It was late in the afternoon when Harry walked out of his house into his yard to feed and water his animals.  Soon after beginning this daily ritual, he heard what sounded like bullets impacting the earth within a few feet of where he was standing, followed instantaneously by the unmistakable pop-pop-pop of automatic rifle fire.  Simultaneously, he heard more gunfire coming from behind.  After a few seconds of shock and processing what was happening, Harry realized he and his animals were being shot at from two different directions.  He quickly led his animals to the barn in an effort to give them some kind of cover and then ran into his house, all while shots were ringing out.  He grabbed his rifle and headed back out to the barn, where he hunkered down and called 911.  Shots could still be heard while he was talking to the 911 operator, who could also hear the shots ringing out.

In the barn and clenching his rifle ready to protect his life and that of his stock, the shooting stopped.  It had been about 15 minutes in total since this nightmare started.  Now, in silence, time slowed to a crawl as Harry waited for the Sheriff’s deputies to arrive.  Harry began thinking about what might happen next–are his attackers reloading, had they left, or worse, were they heading down to the barn to finish the job?  He was on high alert, listening for any sign of movement from outside the barn, mentally preparing for what he might have to do, what might happen to him, trying to figure out how he was going to get out of this alive.

It was an agonizingly long period of time, a little over an hour before the Sheriff’s helicopter arrived and about thirty minutes more for deputies to arrive.  They were cautious and driving in as a group in a coordinated effort to minimize the risk of injury should a shootout ensue.  Hearing the deputies arriving, Harry made his way out of the barn into the darkness of night and stood with his hands held high under the light from the barn’s security light as the deputies pulled up; he certainly didn’t want them thinking he was one of the shooters.

This is a true account of his encounter with, who Harry believes are gunmen from nearby illegal outdoor marijuana grows.  Harry lives in the Tri-Community.  He is our neighbor.

Illegal marijuana cultivations are running rampant in San Bernardino and Los Angeles Counties.

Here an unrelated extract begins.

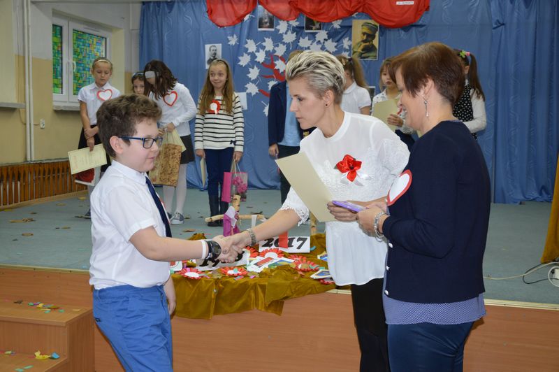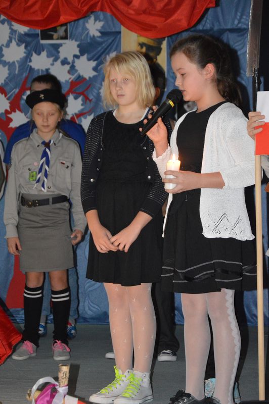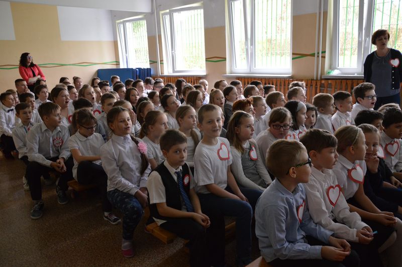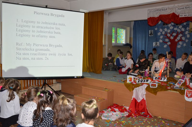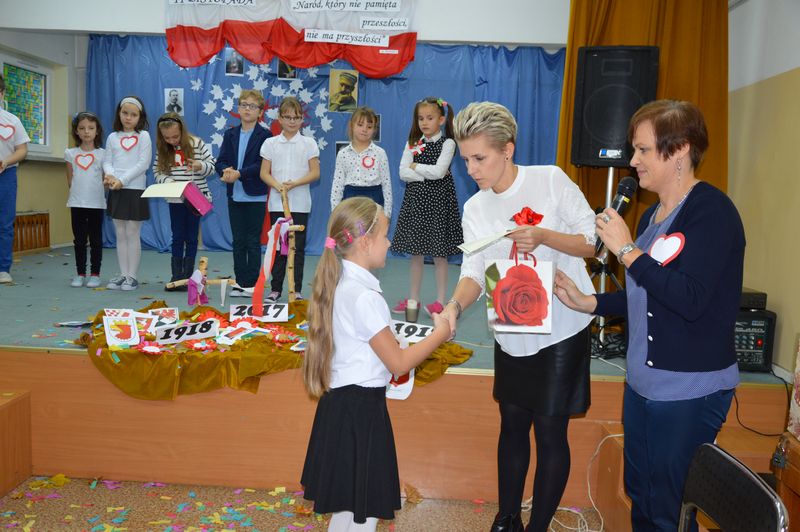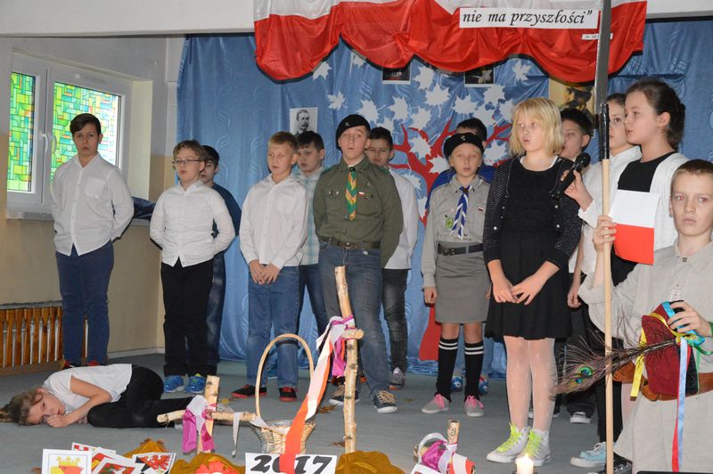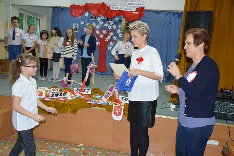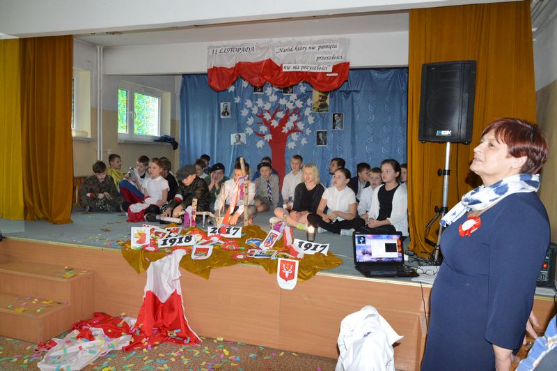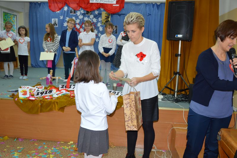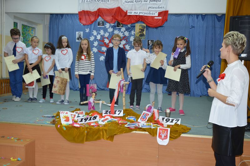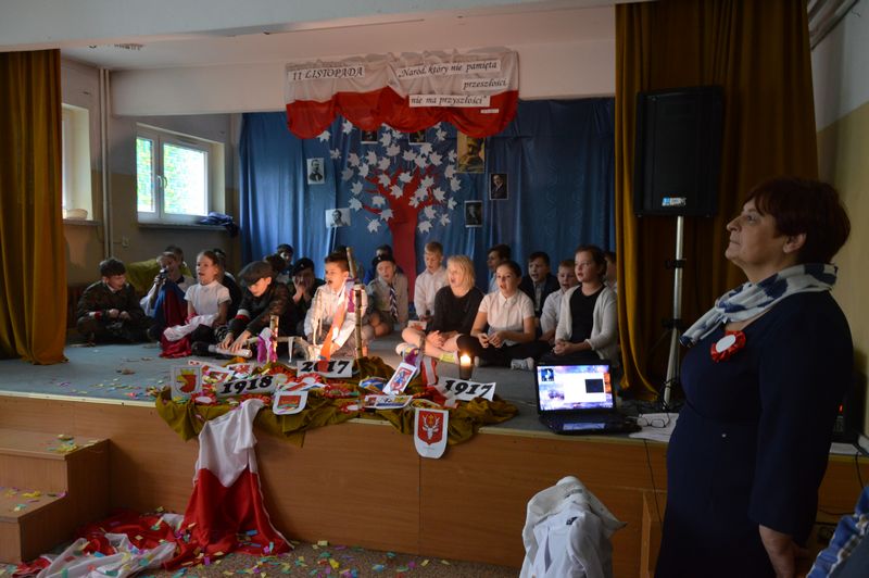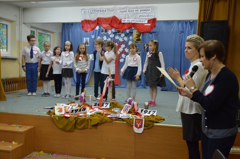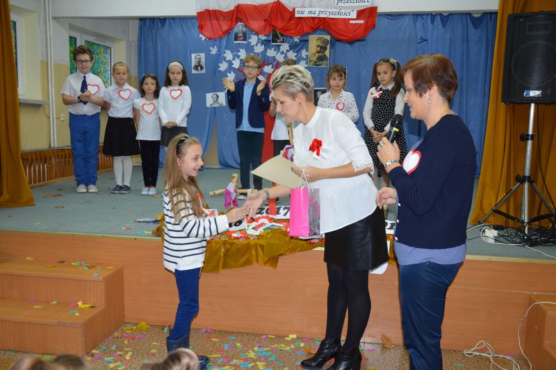 Dnia 10 listopada obchodziliśmy w naszej szkole Dzień Niepodległości. Klasa Va wraz z wychowawczynią panią Jolantą Krzyworzeką przygotowała piękną inscenizację z okazji 99 rocznicy odzyskania przez Polskę niepodległości. Podczas tej uroczystości przypomniane zostały nam dni 123 lat niewoli Polski, począwszy od dnia kiedy Polska jako niepodległe państwo przestała istnieć na mapie Europy, przez dzieje narodu polskiego w okresie zaborów, wypełnionego walką o wyzwolenie aż do dnia, w którym wzeszła jutrzenka wolności. Po krótkim występie uczniowie wspólnie zaśpiewali pieśni patriotyczne, m.in; Pierwsza Brygada, O mój Rozmarynie, Wojenko, wojenko, Rota, Pierwsza Kadrowa, które przypomniały nam, jak ważna dla Polaka jest wolność i ojczyzna.
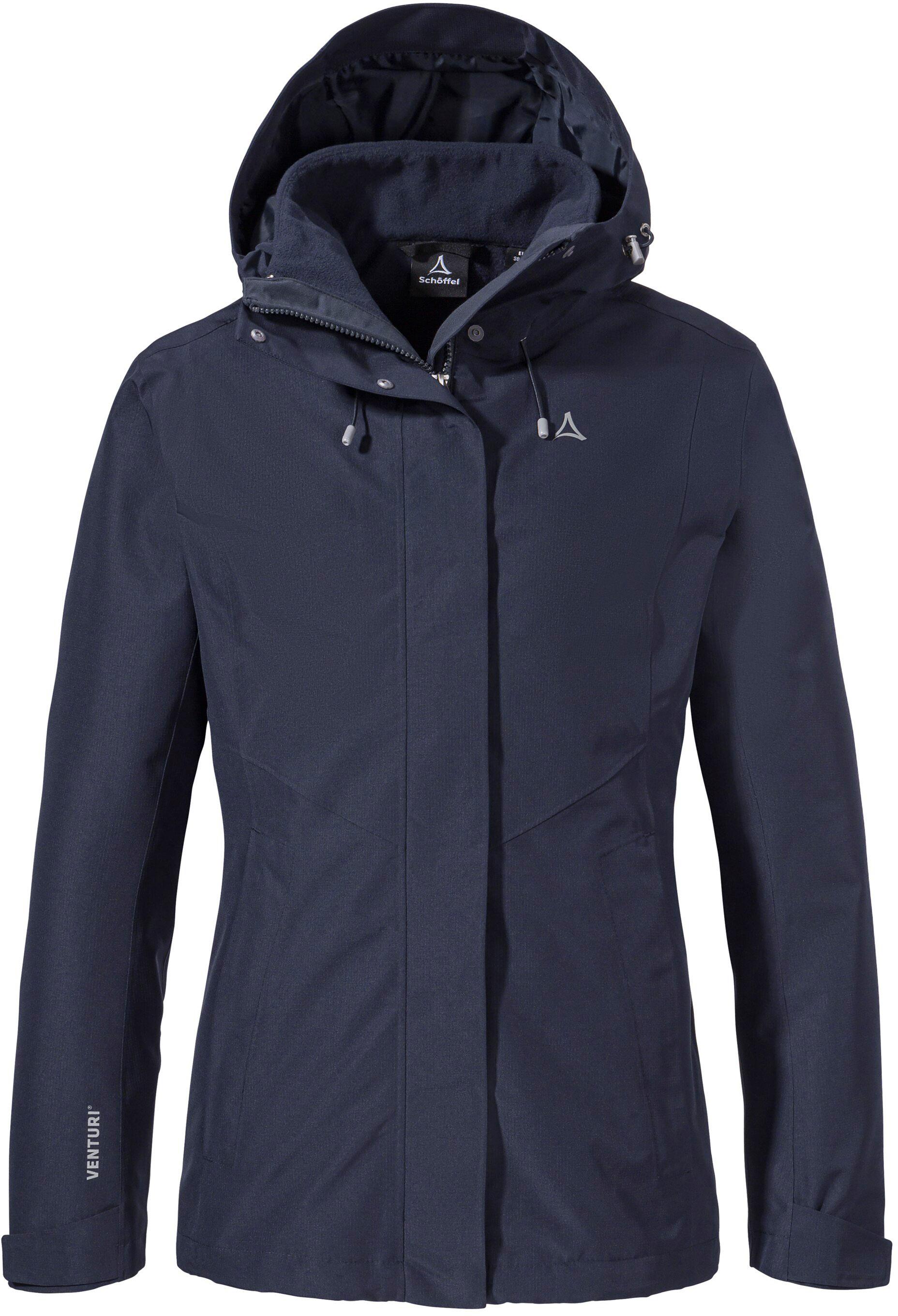 Doppeljacke mit wetterfester Außenjacke und wärmender Innenjacke; Außenjacke in zweilagiger Konstruktion mit Venturi®-Membran; dauerhaft wind- und wasserdicht sowie atmungsaktiv; Wassersäule: 10.000 mm; verstellbare Kapuze mit hohem Kragen; Frontreißverschluss mit Windschutzleiste; 2 Reißverschluss-Seitentaschen; Armabschlüsse mit Klettriegeln weitenregulierbar; Saum mit Kordelzug verstellbar; Innenjacke aus weichem Fleece; Stehkragen; zentraler Reißverschluss; 2 seitliche Eingrifftaschen; Membran 100% Polyurethan; Obermaterial I 100% Polyester; Obermaterial II 100% Polyester; Futter I 100% Polyester; Futter II 100% Polyester.

Communities such as Phelan, Pinon Hills, Llano, El Mirage, and Oak Hills are experiencing many collateral issues resulting from the drastic increase of illegal marijuana cultivations running rampant in San Bernardino and Los Angeles Counties.  While water and electrical theft, environmental problems such as improper and unlawful trash dumping, human waste disposal, use of fertilizers and illegal pesticides, and the destruction of protected habitats and ecosystems are important, public safety rises to the top as an issue of concern with most area residents.

Public safety has long been a hot topic, especially in the Tri-Community.  And with the invasion of illegal marijuana “grows” comes stories of intimidation, harassment, and violence.  Stories like Harry’s sound like something out of a Hollywood western, but it’s not. It’s happening here.  Right now.  In the community where we live.  

Sally, with her teenaged child, pulled into a local gas station to pump some gas.  Two vehicles were sitting across the pump from Sally, one was a water truck, and the other had several individuals filling multiple containers full of fuel.  A sight not uncommon to anybody who’s visited a gas station in the Tri-Community.  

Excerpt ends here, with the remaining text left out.